You might have to check that the value is rounded to a page boundary.
> +
> + if ( !v->vmtrace.pt_buf || !size )
> + return -EINVAL;
> +
> + /*
> + * We don't accept trace buffer size smaller than single page
> + * and the upper bound is defined as 4GB in the specification.
> + * The buffer size must be also a power of 2.
> + */
> + if ( size < PAGE_SIZE || size > GB(4) || (size & (size - 1)) )
> + return -EINVAL;
IMO there should be a hook to sanitize the buffer size before you go
and allocate it. It makes no sense to allocate a buffer to come here
and realize it's not suitable.
> +
> + v->arch.hvm.vmx.ipt_state = xzalloc(struct ipt_state);
> +
Extra newline.
> + if ( !v->arch.hvm.vmx.ipt_state )
> + return -ENOMEM;
> +
> + v->arch.hvm.vmx.ipt_state->output_base =
> + page_to_maddr(v->vmtrace.pt_buf);
The above fits on a single line now.
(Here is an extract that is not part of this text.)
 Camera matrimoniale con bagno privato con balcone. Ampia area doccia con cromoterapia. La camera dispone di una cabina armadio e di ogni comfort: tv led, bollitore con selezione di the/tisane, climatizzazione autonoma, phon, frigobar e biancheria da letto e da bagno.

You could also avoid having an
output_base field and just do the conversion in
vmx_restore_guest_msrs, I'm not sure there's much value in having this
cached here.
> + v->arch.hvm.vmx.ipt_state->output_mask.raw = size - 1;
> +
> + rc = vmx_add_host_load_msr(v, MSR_RTIT_CTL, 0);
> +
> + if ( rc )
> + return rc;
> +
> + rc = vmx_add_guest_msr(v, MSR_RTIT_CTL,
> + RTIT_CTL_TRACE_EN | RTIT_CTL_OS |
> + RTIT_CTL_USR | RTIT_CTL_BRANCH_EN);
> +
> + if ( rc )
> + return rc;
We don't usually leave an empty line between setting and testing rc.
> +
> + return 0;
> +}
> +
> +static int vmx_destroy_pt(struct vcpu* v)
> +{
> + if ( v->arch.hvm.vmx.ipt_state )
> + xfree(v->arch.hvm.vmx.ipt_state);
> +
> + v->arch.hvm.vmx.ipt_state = NULL;
> + return 0;
> +}
> +
> +
Double newline, just one newline please between functions.
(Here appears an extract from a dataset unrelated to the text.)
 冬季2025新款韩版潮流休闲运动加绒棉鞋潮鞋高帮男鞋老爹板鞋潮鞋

> static int vmx_vcpu_initialise(struct vcpu *v)
> {
> int rc;
> @@ -471,6 +521,14 @@ static int vmx_vcpu_initialise(struct vcpu *v)
>
> vmx_install_vlapic_mapping(v);
>
> + if ( v->domain->processor_trace_buf_kb )
Can you move this check inside of vmx_init_pt, so that here you just
do:
return vmx_init_pt(v);
> + {
> + rc = vmx_init_pt(v);
> +
> + if ( rc )
> + return rc;
> + }
> +
> return 0;
> }
>
> @@ -483,6 +541,7 @@ static void vmx_vcpu_destroy(struct vcpu *v)
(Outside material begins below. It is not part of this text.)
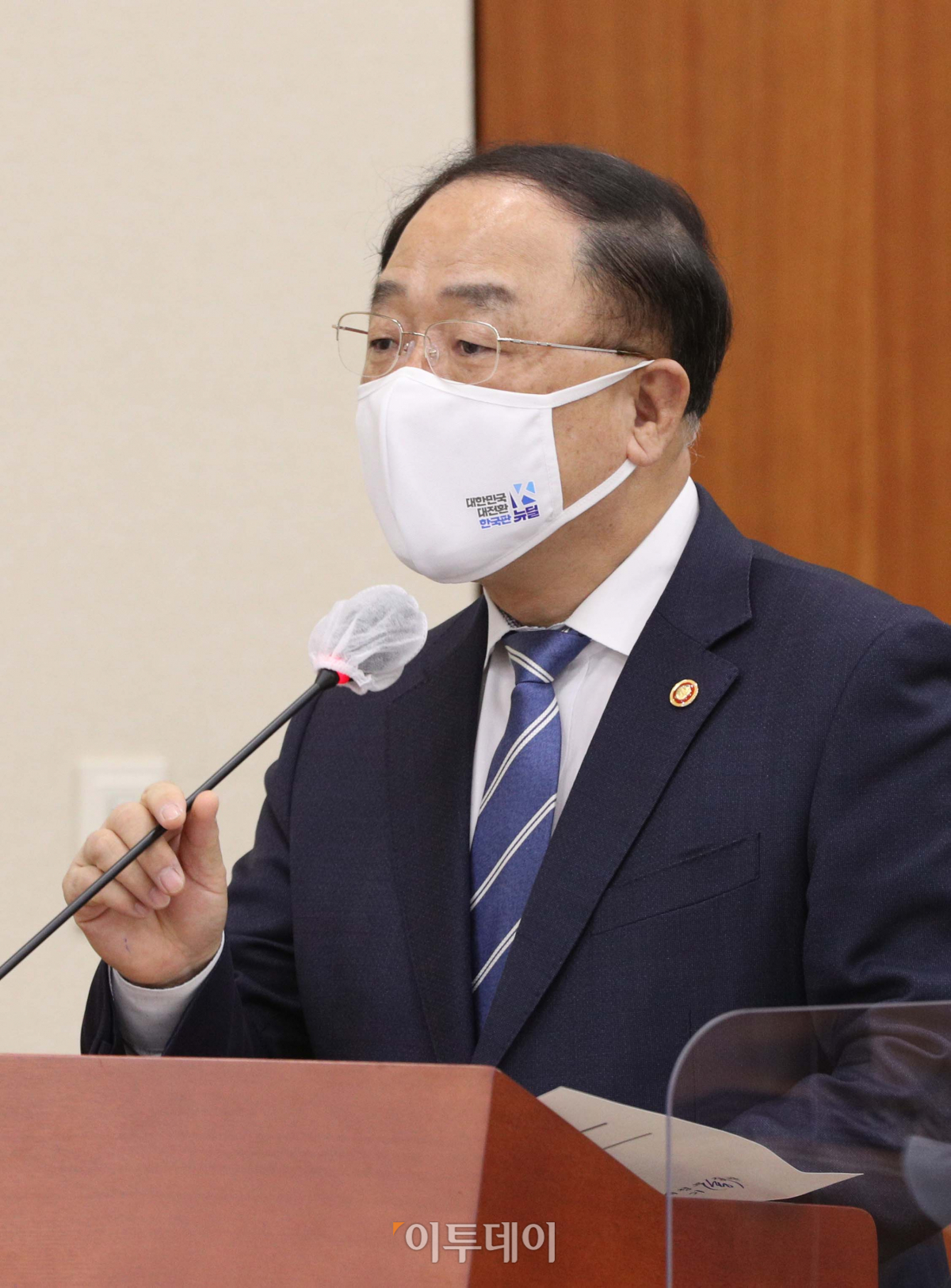 홍남기 경제부총리 겸 기획재정부 장관이 3일 오후 서울 여의도 국회에서 열린 기획재정위원회 전체회의에서 2021년도 예산안 제안 설명을 하고 있다.

> * prior to vmx_domain_destroy so we need to disable PML for each vcpu
> * separately here.
> */
> + vmx_destroy_pt(v);
> vmx_vcpu_disable_pml(v);
> vmx_destroy_vmcs(v);
> passive_domain_destroy(v);
> @@ -513,6 +572,18 @@ static void vmx_save_guest_msrs(struct vcpu *v)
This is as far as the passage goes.